6. Kandungan Hadits Secara Umum
Sebagaimana
yang telah kita ketahui bahwa hadits adalah sumber ajaran Islam yang kedua
setelah al-Quran. Di sisi yang lain, hadits merupakan fakta sejarah yang
berhubungan dengan pernyataan, perilaku, keadaan dan taqrir Nabi SAW. yang
sunnah untuk kita laksanakan. Selain itu, hadits menyajikan suatu kebutuhan
essensial Muslim, agar menjadi individu atau masyarakat yang baik.
PENUTUP
A.
Analisis
Kalau menurut analisis kami sanad pada suatu matan haruslah
diteliti lebih dalam lagi, karena sangat pitalnya kesahihan sanad yang akan
menentukan pula shahih atau tidaknya suatu matan atau hadits. Di samping itu
al-hadits adalah sumber ajaran Islam setelah al-Quran dan itu tidak boleh untuk
dipergunakan dengan tidak mengetahui terlebih dahulu kualitas hadits tersebut.

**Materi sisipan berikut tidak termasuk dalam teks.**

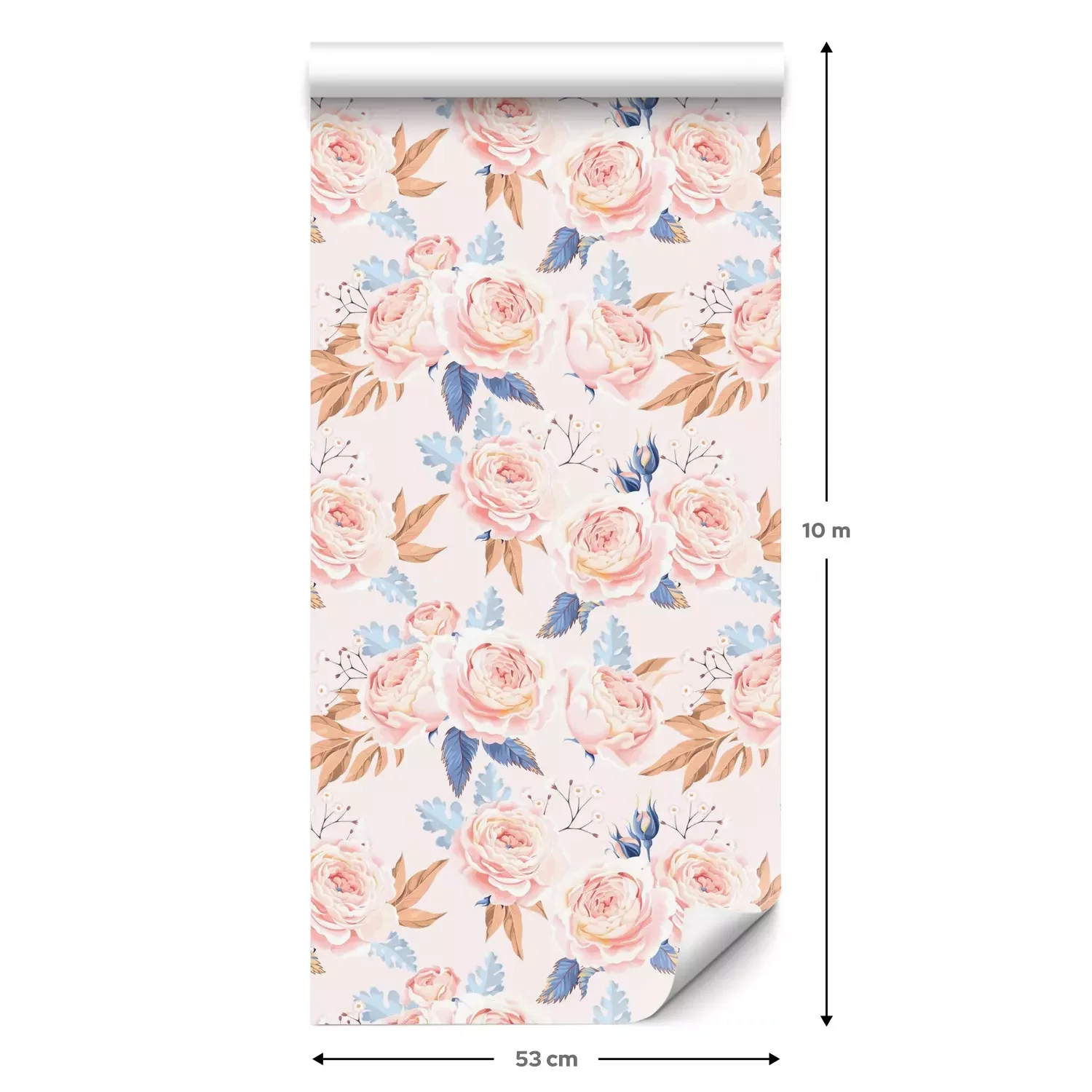 Eine Standard-Tapetenrolle hat die Maße 0,53 m x 10 m und deckt eine Wandfläche von etwa 5 m² ab.

Kemudian adalah hal yang wajar apabila pada suatu hadits itu
diriwayatkan oleh sanad yang berbeda
sebab kalau kita renungkan misalnya seorang guru yang meriwayatkan sebuah
hadits kepada muridnya yang berjumlah dua puluh orang kemudian ke dua puluhnya
meriwayatkan lagi kepada orang lain, tentu akan kita temui sanad yang berbeda.
B.
Kesimpulan
Dari uraian di atas kita dapat
mengambil kesimpulan bahwa Sanad adalah Silsilah para perawi yang menukilkan
hadits sedangkan matan dalam ilu hadits adalah sabda Rasulullah SAW. Dan
kedudukan sanad dan matan dalam ilmu hadits adalah sangat penting karena dari
sanalah kita dapat mengetahui kualitas hadits tersebut. Kemudian di antara
sebab terjadinya perbedaan antara sanad ialah kita contohkan
seorang sahabat meriwayatkan sebuah hadits, kemudian hadits tersebut
diriwayatkan oleh sepuluh orang murid pada generasi thabi’in. kemudian dari
sepuluh orang ini melahirkan dua puluh atau tiga puluh orang murid lagi yang
bersal daritempat yang berbeda-beda.
DAFTAR PUSTAKA
al-Qaththan Manna’ Syaikh, Pengantar Studi Ilmu Hadits.
(Jakarta
Timur : Pustaka al-Kautsar : 2005)
Ismail, Syuhudi. Dr. M. Kaidah Kesahihan Sanad Hadits.
(Jakarta
: PT. Bulan Bintang, 2005).
MA, Ph. D Azami Mustafa Muhammad. Metodologi Kritik
Hadits. (Bandung : Pustaka Hidayah, 1996).
Ash-Shiddieqy, Hasbi, Muhammad. Sejarah dan Pengantar
Ilmu Hadits. (Semarang : PT. Pustaka Rizki Putra, 1999).